__Work item__
The data that follows must be transcribed in full and exactly, minus the pictures.

__Given information__
-- Opening Marker --

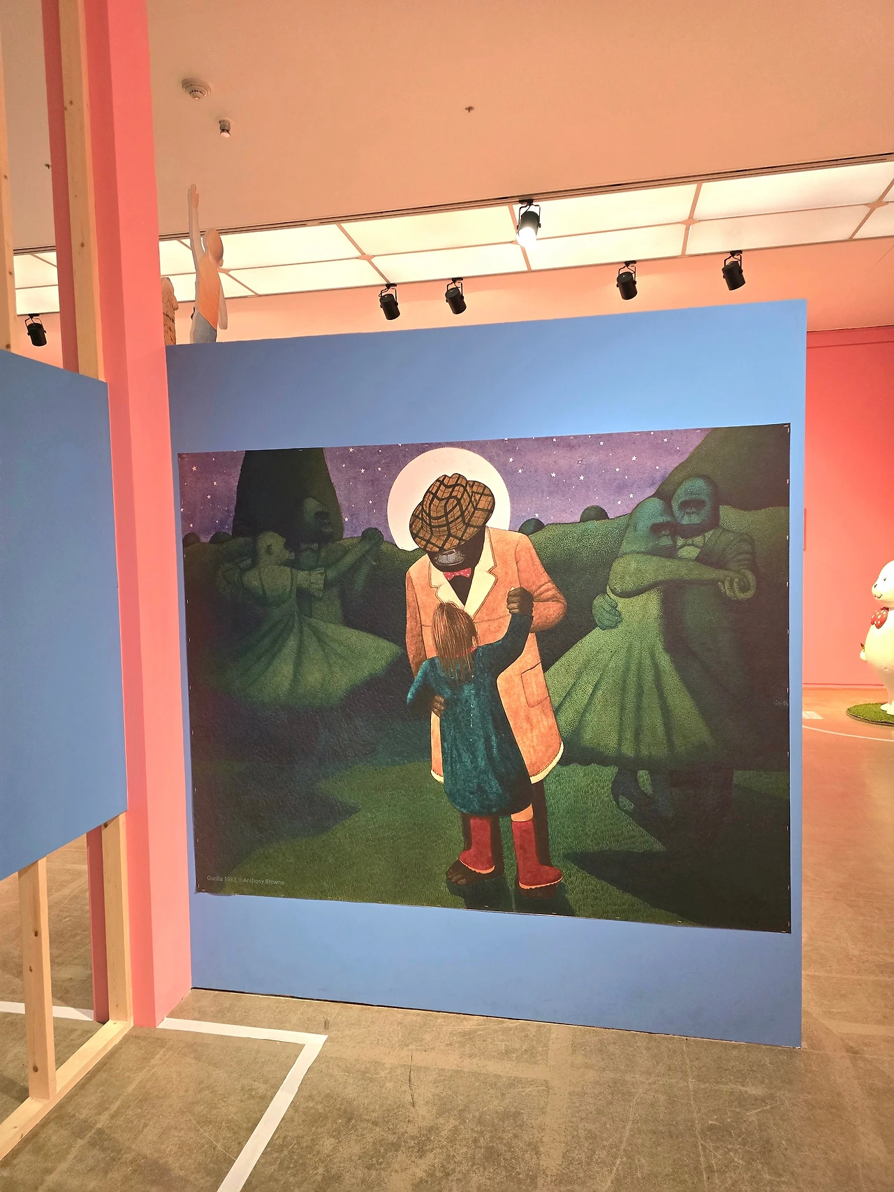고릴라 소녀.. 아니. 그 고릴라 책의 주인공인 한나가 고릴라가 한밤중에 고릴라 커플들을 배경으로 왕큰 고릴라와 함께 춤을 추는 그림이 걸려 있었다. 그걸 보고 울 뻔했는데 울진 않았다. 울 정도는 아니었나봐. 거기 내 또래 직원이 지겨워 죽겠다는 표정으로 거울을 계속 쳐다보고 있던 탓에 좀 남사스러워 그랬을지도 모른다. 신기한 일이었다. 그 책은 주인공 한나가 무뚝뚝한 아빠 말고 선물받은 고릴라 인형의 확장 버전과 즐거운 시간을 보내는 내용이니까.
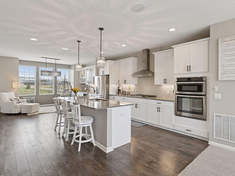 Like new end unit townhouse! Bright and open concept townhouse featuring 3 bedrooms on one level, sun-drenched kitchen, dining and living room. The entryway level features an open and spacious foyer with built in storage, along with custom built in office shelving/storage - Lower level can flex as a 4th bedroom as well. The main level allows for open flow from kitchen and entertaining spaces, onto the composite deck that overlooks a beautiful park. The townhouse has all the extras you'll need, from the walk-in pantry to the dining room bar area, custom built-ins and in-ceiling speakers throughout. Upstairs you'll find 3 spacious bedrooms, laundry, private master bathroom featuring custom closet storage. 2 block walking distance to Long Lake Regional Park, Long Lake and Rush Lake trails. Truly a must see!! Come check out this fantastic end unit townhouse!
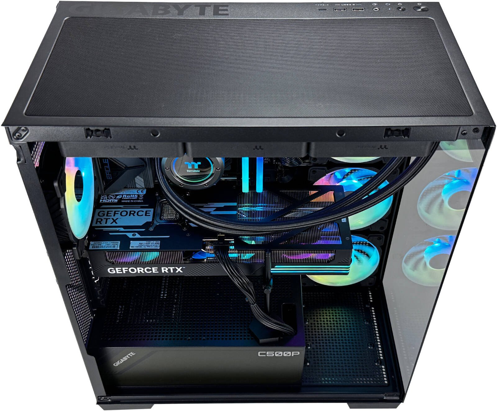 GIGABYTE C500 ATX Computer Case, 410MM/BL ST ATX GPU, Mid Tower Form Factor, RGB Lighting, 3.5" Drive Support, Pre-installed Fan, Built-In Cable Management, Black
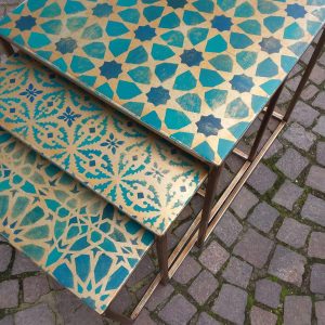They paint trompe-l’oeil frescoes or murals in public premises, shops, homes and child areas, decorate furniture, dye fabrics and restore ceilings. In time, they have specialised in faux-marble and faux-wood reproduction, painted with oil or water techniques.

-- Closing Marker --

__Written response__
고릴라 소녀.. 아니. 그 고릴라 책의 주인공인 한나가 고릴라가 한밤중에 고릴라 커플들을 배경으로 왕큰 고릴라와 함께 춤을 추는 그림이 걸려 있었다. 그걸 보고 울 뻔했는데 울진 않았다. 울 정도는 아니었나봐. 거기 내 또래 직원이 지겨워 죽겠다는 표정으로 거울을 계속 쳐다보고 있던 탓에 좀 남사스러워 그랬을지도 모른다. 신기한 일이었다. 그 책은 주인공 한나가 무뚝뚝한 아빠 말고 선물받은 고릴라 인형의 확장 버전과 즐거운 시간을 보내는 내용이니까.
 Like new end unit townhouse! Bright and open concept townhouse featuring 3 bedrooms on one level, sun-drenched kitchen, dining and living room. The entryway level features an open and spacious foyer with built in storage, along with custom built in office shelving/storage - Lower level can flex as a 4th bedroom as well. The main level allows for open flow from kitchen and entertaining spaces, onto the composite deck that overlooks a beautiful park. The townhouse has all the extras you'll need, from the walk-in pantry to the dining room bar area, custom built-ins and in-ceiling speakers throughout. Upstairs you'll find 3 spacious bedrooms, laundry, private master bathroom featuring custom closet storage. 2 block walking distance to Long Lake Regional Park, Long Lake and Rush Lake trails. Truly a must see!! Come check out this fantastic end unit townhouse!
 GIGABYTE C500 ATX Computer Case, 410MM/BL ST ATX GPU, Mid Tower Form Factor, RGB Lighting, 3.5" Drive Support, Pre-installed Fan, Built-In Cable Management, Black
They paint trompe-l’oeil frescoes or murals in public premises, shops, homes and child areas, decorate furniture, dye fabrics and restore ceilings. In time, they have specialised in faux-marble and faux-wood reproduction, painted with oil or water techniques.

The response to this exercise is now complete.